Chickens are more normal than other poultry birds. They are of various classes going from pullets (layers), grills, and noilers. The grills are for the most part utilized for meat creation while the layers are for egg creation. The most favored breeds in Nigeria incorporate the Marshall, ISA Brown, Cobb, Bovans Dark, Cornish Cross, Arbor Section of land Furthermore, K-22 Moyer, and the Cornish Goliaths. Ranchers gain stock from incubators either from day-old (DOCs), or fourteen days old enough, or mark of-lay pullets (15-17 weeks old enough) from believed great family producer ranches.

The poultry executives frameworks being used are:

- The free roaming framework, where birds are raised primarily for family utilization. They are permitted to meander openly around the area looking for food and water. This framework is more normal in far off provincial networks
- The semi-serious framework, where the birds are permitted to meander around however are as yet furnished with haven, and little amounts of business feed to supplement and compensate for shortfalls in their searched f
- The concentrated framework, where birds are restricted to enclosures or houses where sufficient feed, water, wellbeing administrations are given. It is partitioned into profound litter and battery confine frameworks. Because of the effectiveness of this framework, it is more normal in the southern locales of the nation, where business poultry creation is on a fleeting ascent.

== Production ==
In 2022, Nigeria produced:

- 59.6 million tons of cassava (the largest producer in the world).
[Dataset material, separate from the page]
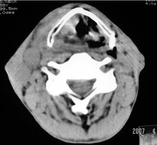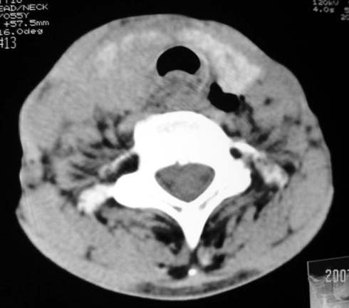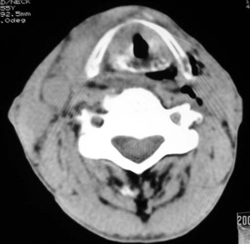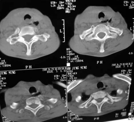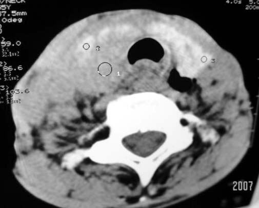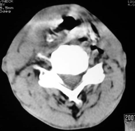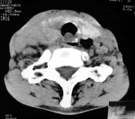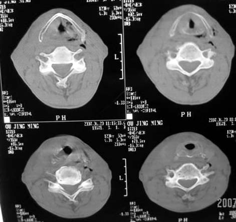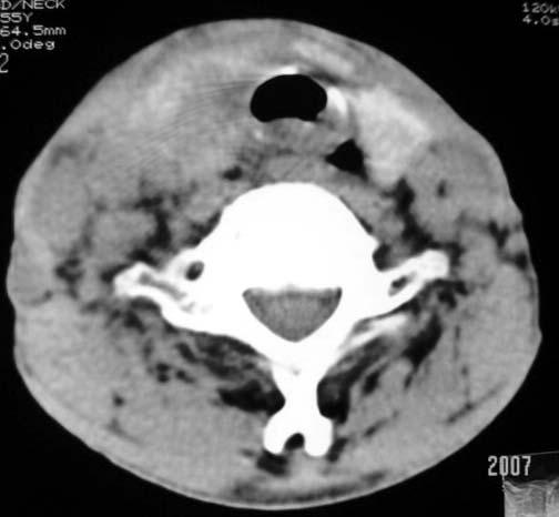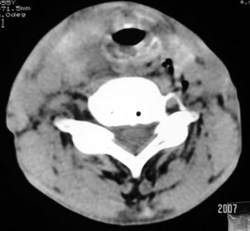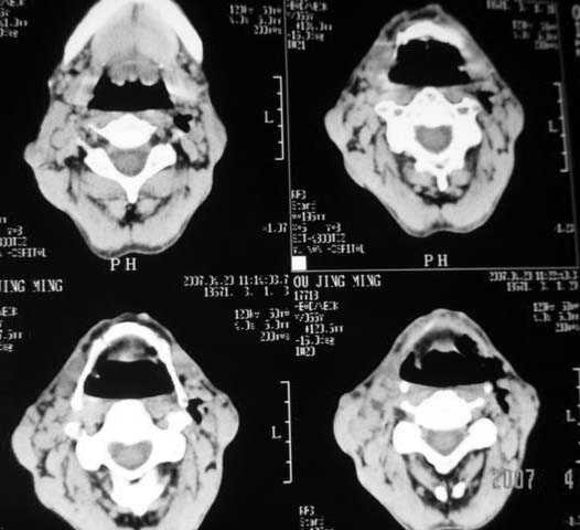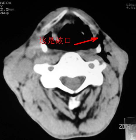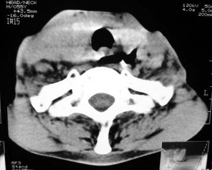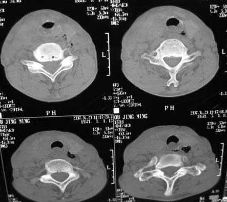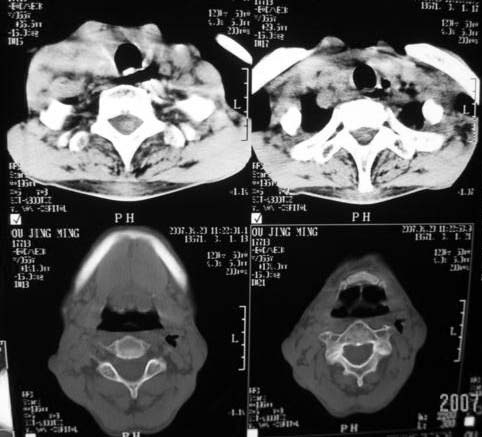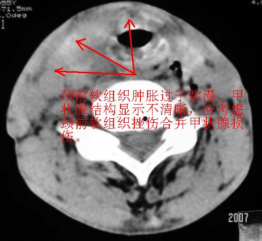 以下是引用dyqct在2007-4-20 16:19:00的发言:[br]考虑:1、左侧梨状窝区破裂伴左颈深、浅部气肿。[br] 2、右侧甲状腺区血肿(请追问病史是否伤及右颈部)。[br] 3、建议病情稳定后增强扫描除外右侧甲状腺腺瘤。

Nigeria accounts for up to 20% of the world's cassava production, about 34 per cent of Africa's, and about 46% of West Africa's;
- 47.5 million tons of yam (the largest producer in the world);
- 3.3 million tons of taro (the largest producer in the world);
- 2.6 million tons of cowpea (the largest producer in the world);
- 6.8 million tons of sorghum (the largest producer in the world);
- 2 million tons of okra (2nd largest producer in the world, second only to India);
- 2.8 million tons of peanut (3rd largest producer in the world, second only to China and India);
- 4 million tons of sweet potato (3rd largest producer in the world, second only to China and Malawi);
- 369 thousand tons of ginger (3rd largest producer in the world, losing only to India and China);
- 2.2 million tons of millet (4th largest producer in the world, second only to India, Niger, and Sudan);
- 7.8 million tons of palm oil (4th largest producer in the world, second only to Indonesia, Malaysia, and Thailand);
- 572 thousand tons of sesame seed (4th largest producer in the world, losing only to Sudan, Myanmar, and India);
- 332 thousand tons of cocoa (4th largest producer in the world, second only to Ivory Coast, Ghana, and Indonesia);
- 3 million tons of plantain (5th largest producer in the world);
- 833 thousand tons of papaya (6th largest producer in the world);
- 1.6 million tons of pineapple (7th largest producer in the world);
- 3.9 million tons of tomato (11th largest producer in the world);
- 6.8 million tons of rice (one of the largest producers of rice in Africa, 14th largest producer in the world);
- 10.1 million tons of maize (14th largest producer in the world);
- 7.5 million tons of vegetables;
- 1.4 million tons of sugarcane;
- 1.3 million tons of potato;
- 949 thousand tons of mango (including mangosteen and guava);
- 938 thousand tons of onion;
- 758 thousand tons of soy;
- 747 thousand tons of green pepper;
- 585 thousand tons of egusi;
- 263 thousand tons of sheanut;
- 150 thousand tons of coconut.
In addition to smaller productions of other agricultural products, Nigeria produced about 2.2 million metric tons of fish in 2008.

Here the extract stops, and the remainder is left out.